Yeah I rarely see set over set otf. The only time I seen it I flopped top set 77 over bottom set 55. He talked about that hand for my whole 10 hour session that night lol.

LOL just saw this. That was my hand Ibelieveinchipkelly was at my table.
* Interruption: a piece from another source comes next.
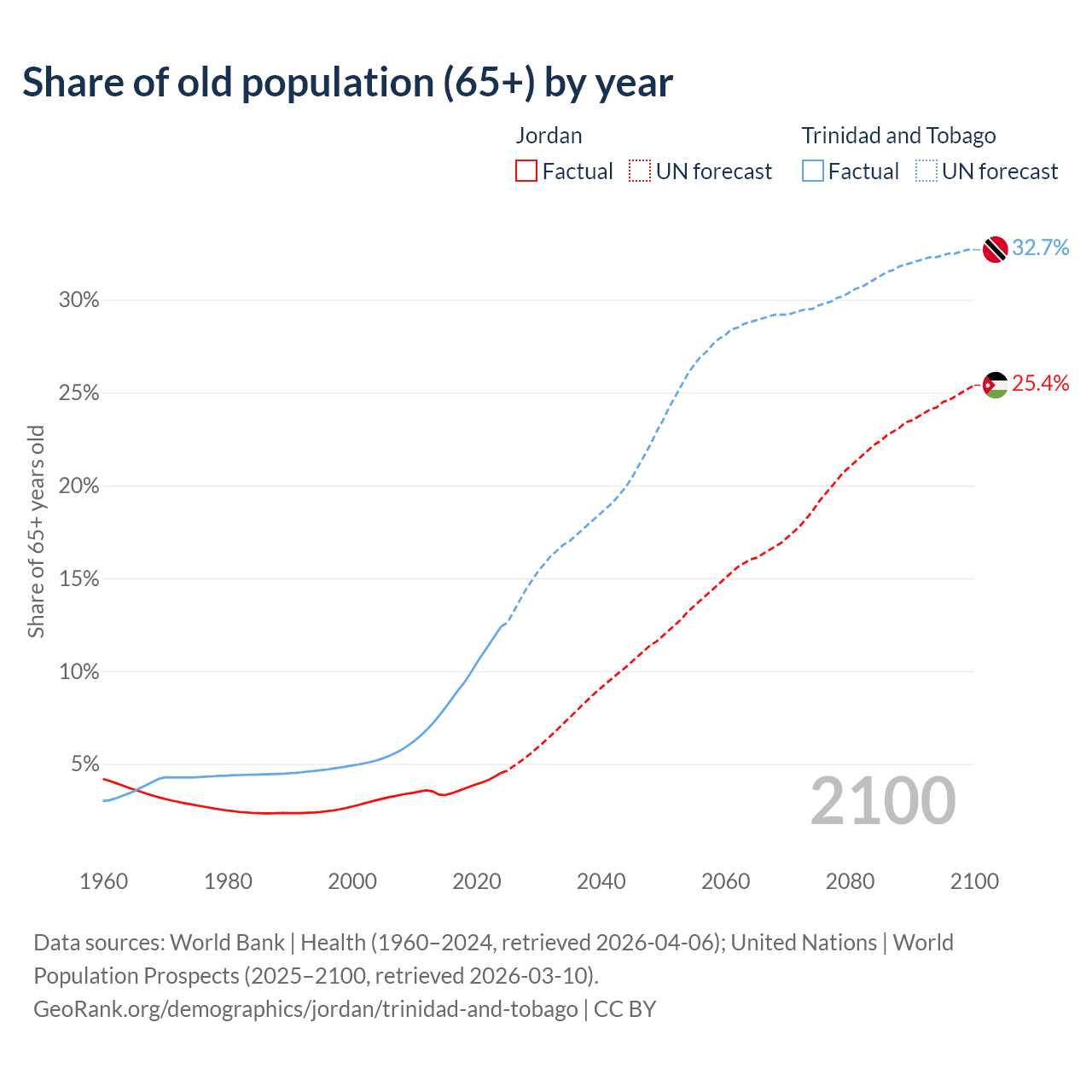 The share of older people aged 65 and over is 4.52% in Jordan and 12.4% in Trinidad and Tobago. Life expectancy in Jordan compared to Trinidad and Tobago .

I had checkraised all in got both to call and the guy with the dominated flush draw went runner runner straight which of course also required the 3rd player to hit his set since he was holding blockers to the straight.

I'm guessing he posted it because I had just posted in this thread the same night the hand took place.

And truthfully I believe its a Murphy's law thing and the odds of the top pair top kicker w/ nut flush draw winning are inversely proportional to villain's stack size

odds of getting quads twice in a row ( I had back to back pocket pairs) Live at my local casino

I am going to assume you mean "getting pocket pair, making quads by river, next hand getting pocket pair, making quads by river again".

Odds of PP = 52/52 * 3/51 = 1/17
Number of boards:
50*49*48*47*46 / 5! = 2,118,760

Number of boards that give you quads:
2*1*48*47*46 / (2! * 3!) = 17,296

Odds of quads with your PP = 17,926 / 2,118,760 = 2 / 245

Odds of the entire sequence happening on your next two hands:
(1/17 * 2/245)^2 = 4 / 17,347,225
~= 1 in 4,336,806

In my first response to this, I overlooked the 5 card omaha... woops.

Here we go again:

52*51*50*49*48 / 5! starting hands = 2,598,960


# of those that are AAxxx (without AAAxx or AAAAx)
4*3*48*47*46 / (2! * 3!) = 103,776

103,776 / 2,598,960 ~= 1 in 25

Odds ILCD will get AA on LATB in 3 hours assuming 26 hands per hour?

Chances of AA in 1 hand = 1 / 221

So over 78 hands, chances of AA:
0 times = (220/221)^78 = 70.2%
more than 0 = 1 - (220/221)^78 = 29.8%


And if we got very specific, the odds of having AA exactly:
0: 70.2%
1: 78* (1/221)*(220/221)^77 = 24.9%
2: 78*77/2 * (1/221)^2 * (220/221)^76 = 4.35%
.. (I will fill all in up to 78 times in a row later)

at a 9 handed table, odds of someone having KKs or AAs when you have QQs.